It also became more and more particular about what it ate. The bun-bun did not like the grass that I picked from the lighthouse. The lighthouse grass is not a beautiful green lawn but brown and prickly. It has to be tough to survive in such a harsh environment. Having never tasted it I would guess it is leathery and not as sweet as what the rabbit was use to. I had Tom bring a bag of sweet grass from his croft for the rabbit every time he checked on me. The orange bun-bun liked Tom’s grass just fine until I made the mistake of buying it Rabbit Treat from the vet. From then on it would eat Tom’s grass only mixed with the Treat. This was definitely a gourmet orange rabbit and no dumb bun-bun.

I was in high spirits I finally had a pet that was thriving and that I would be able to turn back to the wild when I had to leave the lighthouse for travelling. Maybe even after I turned him out he would come back the lighthouse for his Rabbit Treat. Every morning I rushed out to the generator house to say good morning to my orange bun-bun. As soon as the door opened and the rabbit saw me, it hopped over to the side of cage to greet me or probably closer to the truth it wanted to be fed.

After I had the orange bun-bun about six weeks we found another hedgehog so I needed the cage. I decided to construct a fenced area in a corner of the yard for the rabbit until Tom could build a big sturdy wooden cage for him.
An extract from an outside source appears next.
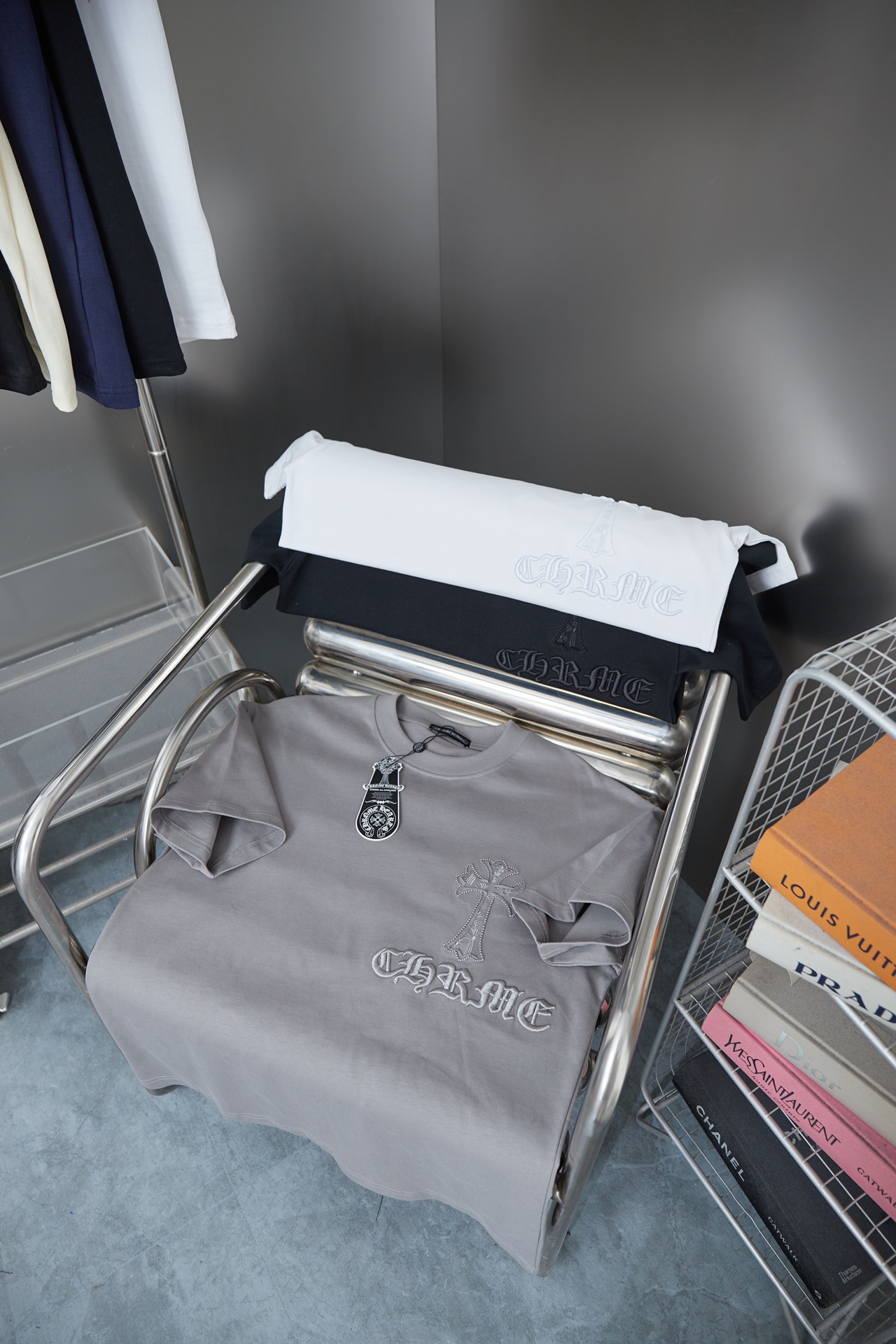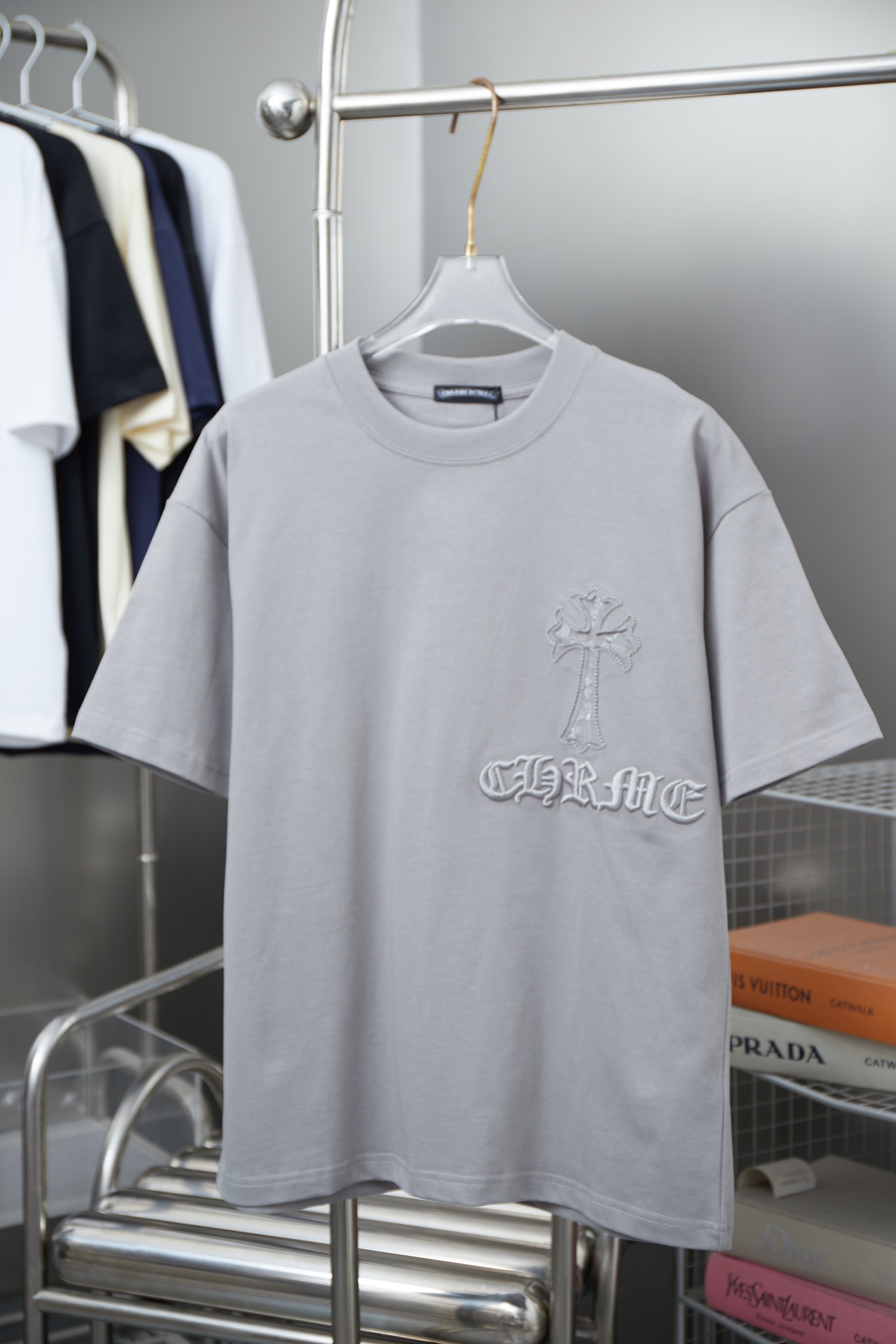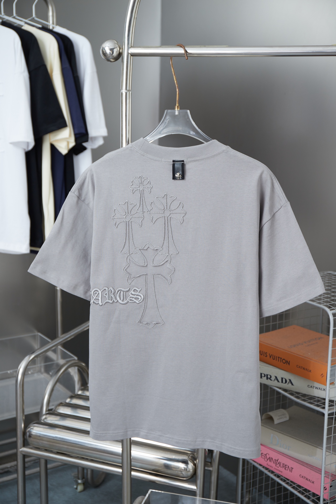 NO:3194144. The clothes is from Chrome Hearts designer.

Fence built we turned him out into the yard. It took only a few seconds for it to find a way under the fence and it started running across the hills. I stood with tears in my eyes as I watched my orange bun-bun until it was out of sight as it returned to the wild. To this day I am not sure whether they were tears of sadness because I had lost my pet or joy as he was healthy and could once again live in the hills. I was ecstatic when Leslie told me later he had seen an orange rabbit about the right size down by his croft many times.

So ends Chapter Two of the lighthouse pet saga and I still do not have a lighthouse pet. As you know from last month the hedgehog I got and put in the orange bun-bun’s cage died. Good news is coming, as you will see next month when I finally found some perfect animal companions.

This story appeared in the March 2003 edition of Lighthouse Digest Magazine. The print edition contains more stories than our internet edition, and each story generally contains more photographs - often many more - in the print edition. For subscription information about the print edition, click here.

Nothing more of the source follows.